Letting go is a good thing Boho sweetie and also being quiet... that's where I am right now, being quiet***sweet dreams***

September 28, 2006 at 11:06:00 PM PDT  
Anonymous Anonymous said...

i have been reading your blog for some time...
last night you were in my dreams and you were the mommy of the sweetest little boy! he was beautiful, loving and kind. he was playing with my son and we sat around talking about your journey, it was SO real.

you have a precious life and much love to share, it will happen for you. all in good time my dear.

life is so mysterious!

peace & love~

September 29, 2006 at 3:41:00 AM PDT  
Blogger Left-handed Trees... said...

Holding the quiet spaces with you here where I am...
--Delia--

September 29, 2006 at 6:50:00 AM PDT  
Blogger gkgirl said...

letting go of the need for control
sounds like a good thing...
sending all the best wishes
and good luck
i can...
xo

September 29, 2006 at 9:24:00 AM PDT  
Blogger Letha Sandison said...

Letting go is so spiritual and not easy. It is a major life change and philosophy. I am so happy for you that you are able to achieve it, that you are living it!!!

I think it really brings peace to the heart.

I am going to try to model your behavior :)

Love you munchkin!!
XOXOX

September 29, 2006 at 11:09:00 AM PDT  
Blogger nina beana said...

xo

so deep sister.

September 29, 2006 at 11:41:00 AM PDT  
Blogger mint and orange said...

so peaceful and enlightening.
this can certainly apply to many parts of our lives. letting go... being at peace... i'm so happy to read that you've come to this place.

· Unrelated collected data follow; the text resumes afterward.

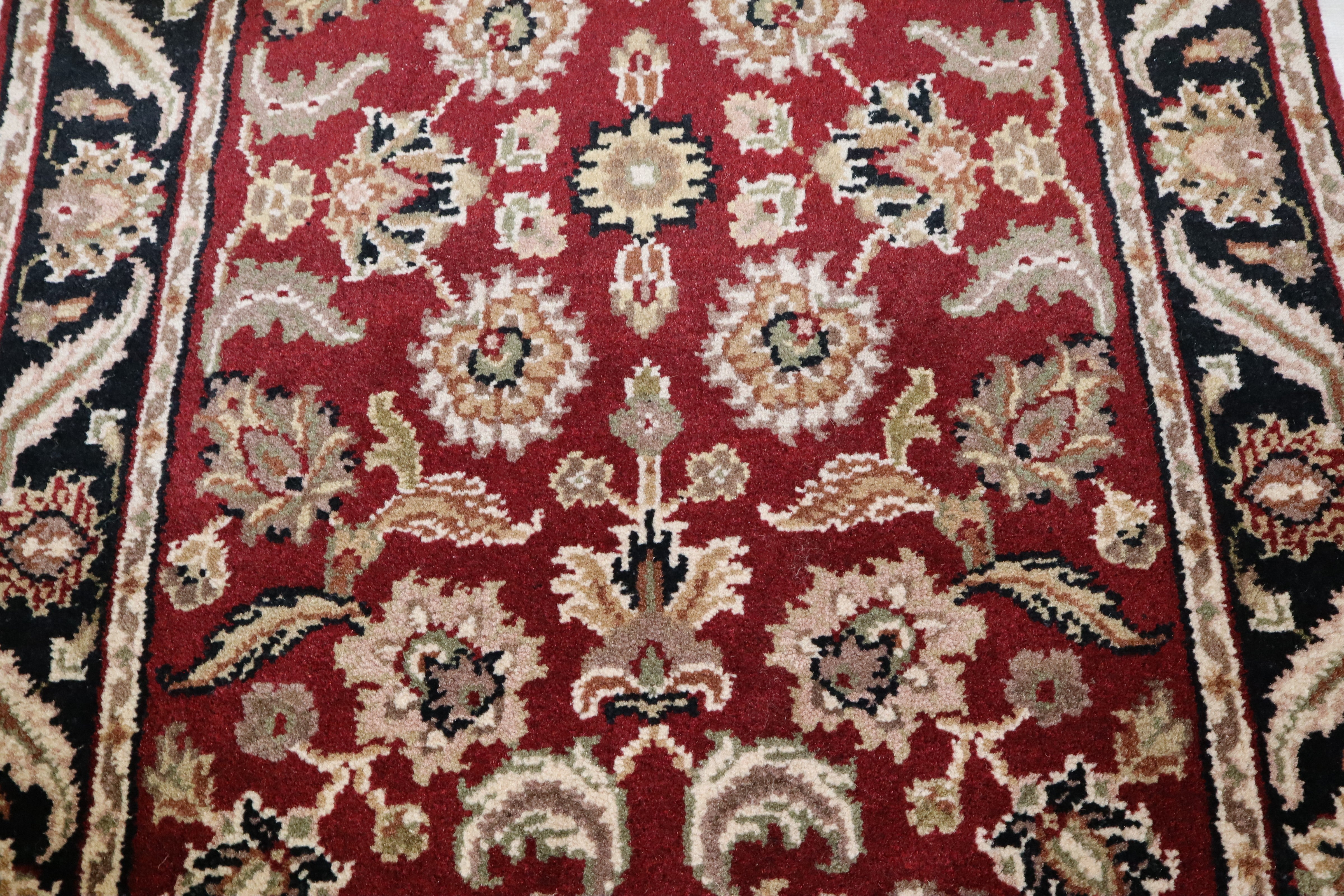 This beautiful hand-knotted rug is made with 100% wool.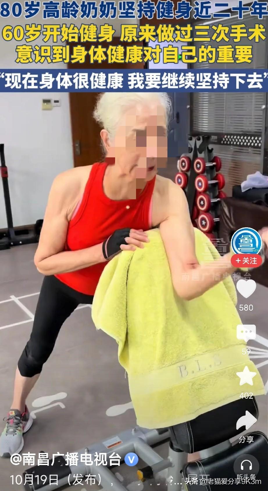 太震撼了! 80岁奶奶活成了我们梦想的样子! 刷到一个视频,一位80岁高龄的奶奶在健身房熟练地做着各种器械训练,精神饱满,动作标准,这状态让年轻人都自愧不如。 原来奶奶60岁才开始健身。之前做过三次手术,让她深刻意识到——健康才是真正的财富。 近二十年坚持,换来的是硬朗的身体和饱满的精神。奶奶说:“现在身体很健康,我要继续坚持下去!” 看到这里,我默默放下了手中的零食。 朋友们,别再找借口了! 60岁开始都不晚,咱们还有什么理由不行动起来? 健康这件事,什么时候开始都不晚,但最好的时机就是现在! 一起动起来吧,为了80岁时的我们,也能这样活力满满! (文章素材来自南昌广播电视台,侵删)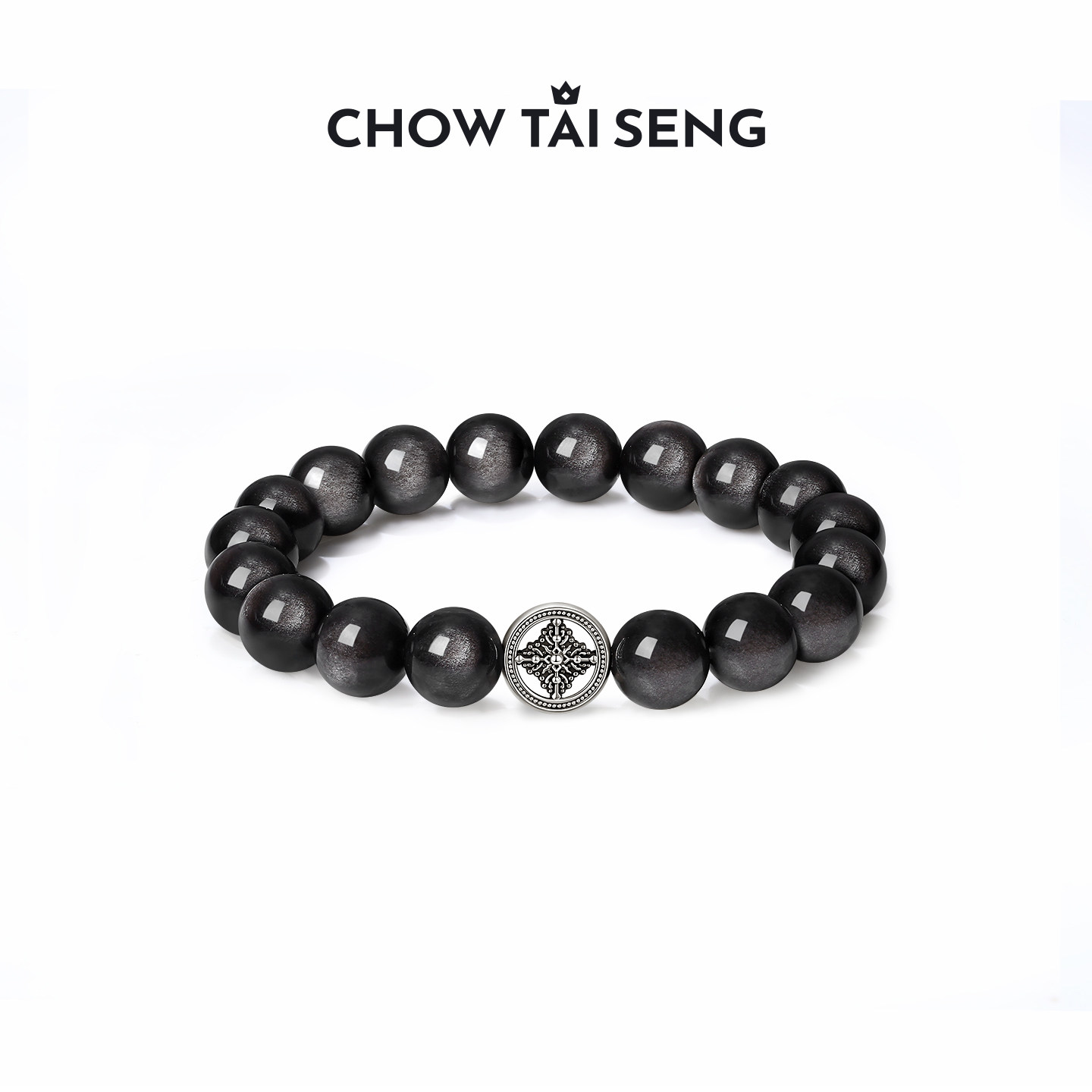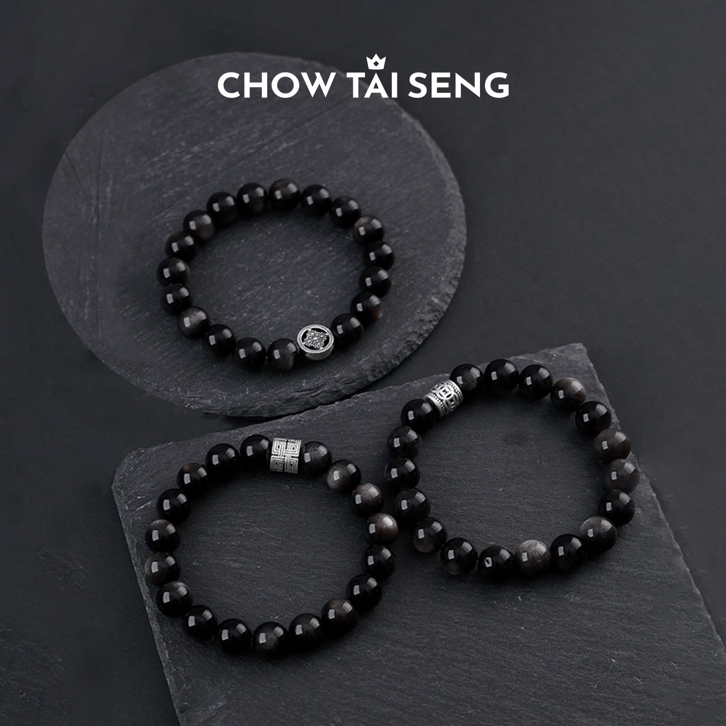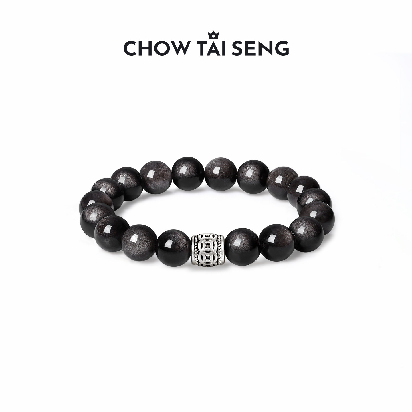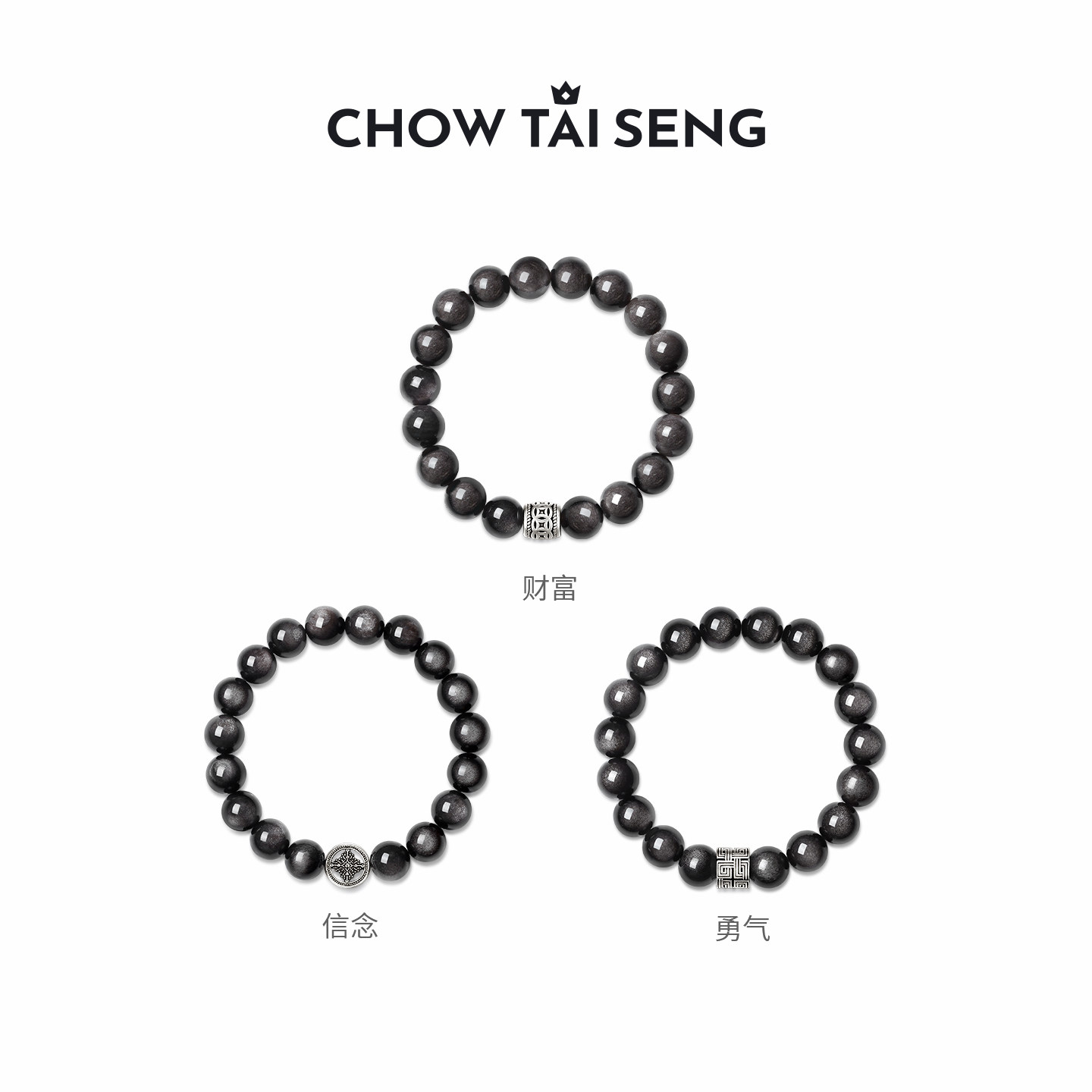 【新品】周大生黑曜岩手串男纯银S925国潮男士手链生日礼物送男友

September 29, 2006 at 12:19:00 PM PDT  
Blogger Kristine said...

Sounds like a good place to be!

September 29, 2006 at 12:59:00 PM PDT  
Blogger Colorsonmymind said...

Pouring tears*****

words can do no justice to the peace, joy, honor I feel knowing you and having you as my journeying partner-not just in fertility but in life.

You are so cherished and dear to me beautiful girl.

I am right here with you darling....right here....not only is it a great place to be...but to glance over and see that you are right here too....oooooh it is delightful.

Loving you

September 29, 2006 at 7:25:00 PM PDT  
Blogger liz elayne lamoreux said...

this is so beautiful my dear friend. you are shedding the layers. letting go. oh this fills my heart with joy.

September 30, 2006 at 9:28:00 PM PDT  
Blogger alex said...

Ah! Letting go...a big one for me too.

I see a great deal of warmth and exuberance in your images. When your special little spirit finally decides to come out of the dreamtime he/she will be a very happy child!